No es de extrañar por ello que las últimas palabras del personaje de Gere, Parker Wilson, vayan dirigidas a ilustrar a sus alumnos sobre la diferencia del directo y la música grabada, de la espontaneidad y lo orquestado, justificación clara sobre la incapacidad de Hallström por hacer más para entender los días fríos que fueron sucediéndose a medida que Hachiko envejecía esperando a un amo que nunca llegaba.
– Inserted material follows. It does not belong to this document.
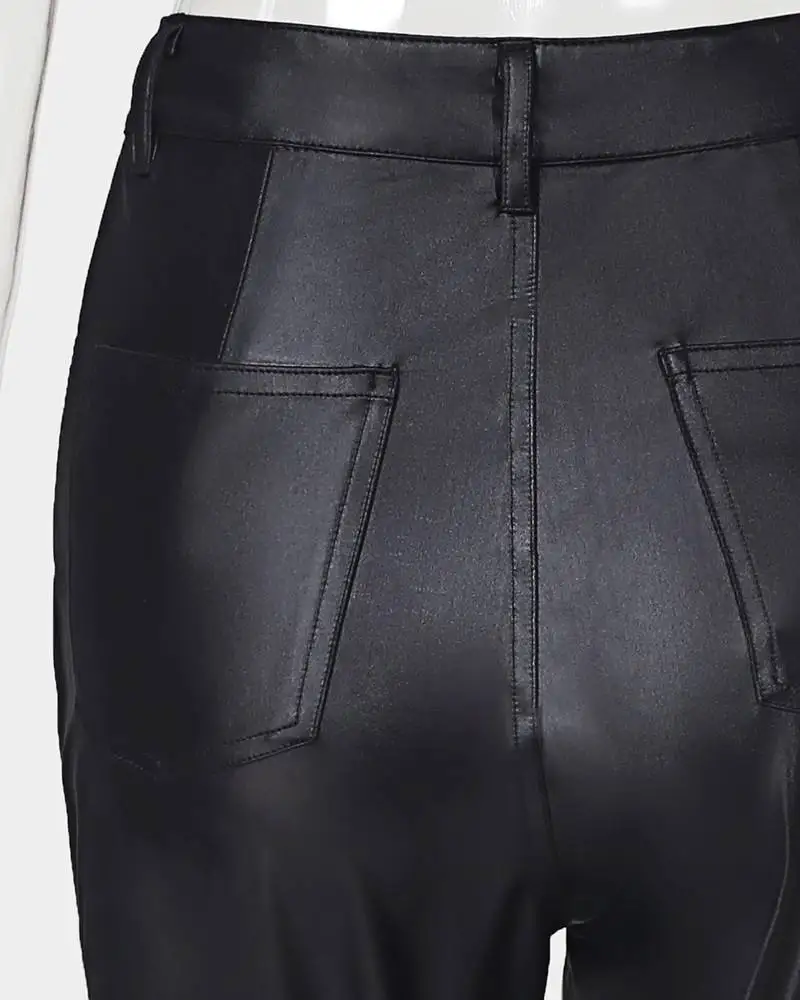 Simple yet charismatic— this PU Leather High Waist Single Button Pants is perfect for your sweater. With its structure and features, this will bring your boring sweater to the next level.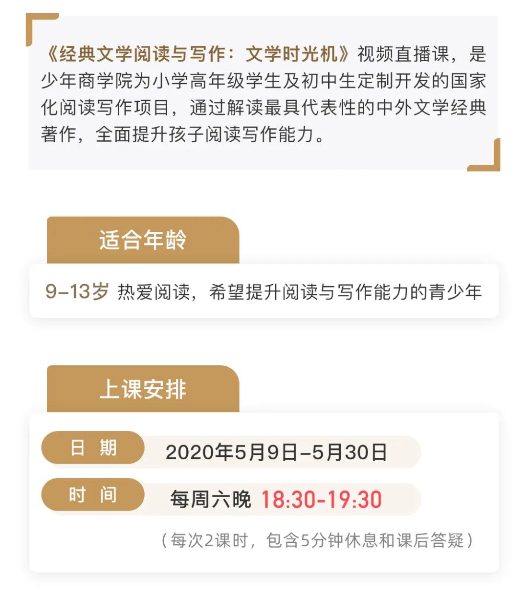 在少年商学院2020春季学期视频直播课中,我们特别推出了《经典文学阅读与写作》课程,这一系列在5月份的单门项目制课程是:文学时光机,适合9-13岁想要提升阅读与写作能力的孩子。

Tan sólo en dos ocasiones el realizador logra asomarse algo a lo descorazonador de sus emociones. Una al permitir al perro encontrarse con su amo en una ensoñación final a modo de despedida, tras recoger destellos en forma del recuerdo perpetuo de los momentos que ambos vivieron y que justifican que sea preferible dedicar su vida a una espera imposible, que a seguir viviéndola de cualquier otra manera. El otro, cuando la mujer del profesor (Joan Allen), vuelve a la ciudad a visitar la tumba de su marido, diez años después de su muerte. Hacerla observar al bueno de Hachiko, envejecido y fiel a su espera, atender al encuentro entre dos formas de afrontar el dolor y el recuerdo, el de la mujer que tuvo que huir para no notar la ausencia en cada esquina de su casa, el del perro que se aferró a la estación en que cada día su corazón latía más rápido al encontrase con la razón de su vida, sirve para que a ésta se le derrita el corazón viendo tan obcecada muestra de amor hacia quien ella amaba entregadamente, y para que decida acompañarle en otra inútil espera, al menos en cuanto a resultados (brindándoles en todo caso una ocasión para seguir recordando).
En ese punto, todos los que una vez quisieron singularmente a un perro, entenderán la historia y el sentido de una producción espoleada por esa emoción. El resto, quedarán ajenos a un relato que sencillamente se les escapa, inconscientes de cuánto han perdido no por la cinta, sino por lo que la inspira.